On the contrary, those parts that seem to be weaker are indispensable. (1 Corinthians 12:22, NIV)

It does not always happen that the most compelling story from a sporting event belongs to the winner. Many were captured this past weekend with the play of 19-year-old Chilean Joaquín Neimann at the Memorial Tournament. The victory went to Bryson DeChambeau, but many kept asking, “How’s that kid doing?”

When you flipped the channel to the US Women’s Open, though, the story and the winner were one and the same. Eventually.

Yes, Sarah Jane Smith caught our attention through Friday, but then Ariya Jutanugarn, one of the world’s best and brightest young stars, seized control with a Saturday 67. By mid-round Sunday, the tournament was “decided.” Jutanugarn held a seven-shot lead at the turn.

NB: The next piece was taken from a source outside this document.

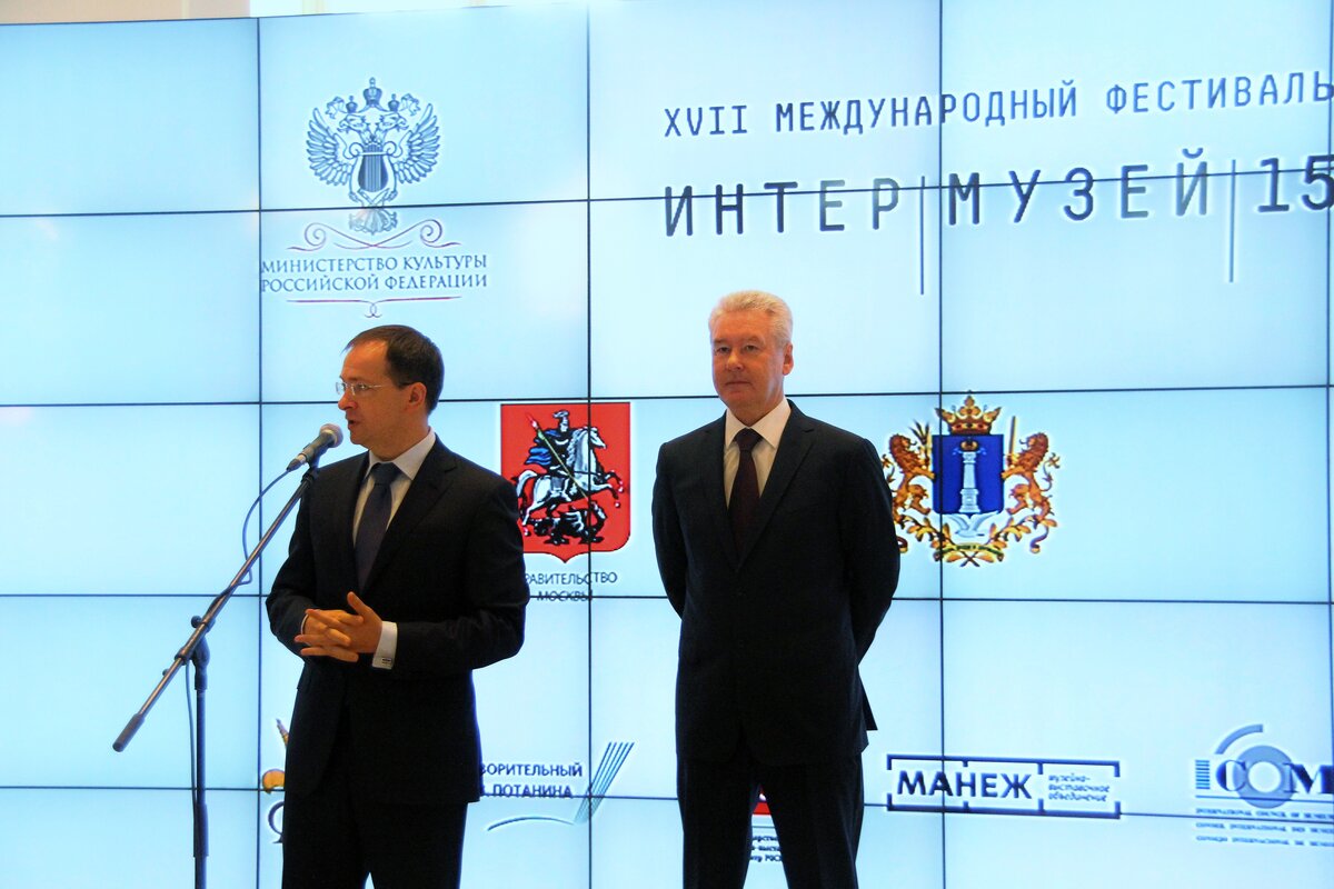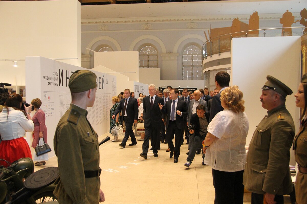 Сергей Собянин и министр культуры России Владимир Мединский открыли фестиваль "Интермузей-2015" в центральном выставочном зале "Манеж". Фестиваль продлится до 15 июня. Он проводится с 1999 года с целью профессионального развития музейного дела в России, поддержания традиций, новых тенденций и технологий в работе современных музеев.

In the body of Christ, fame is meaningless. All are lifted up to deliver the value they have been given by God.Then came the triple at the tenth. The bogey at the twelfth. The flawless play of South Korea’s Hyo Joo Kim. After a horrendous 8-iron lay-up at the seventeenth, the lead was nearly gone. Jutanugarn would need par at the last to seal the win. She bogeyed. In nine shaky holes, the seven-shot lead was gone. But was Jutanugarn, who suddenly found herself in a two-hole playoff?

The playoff started with a roar—for Kim. The Korean slid in a 25-foot birdie putt to put the pressure on Jutanugarn, whose putt was half the length. She missed. Now it was Kim who had a lead to hold.

She could not. Back at the eighteenth for the second hole of the playoff, Kim bogeyed from the same bunker that had thwarted Jutanugarn not an hour earlier. They would go on. To a third hole, then a fourth.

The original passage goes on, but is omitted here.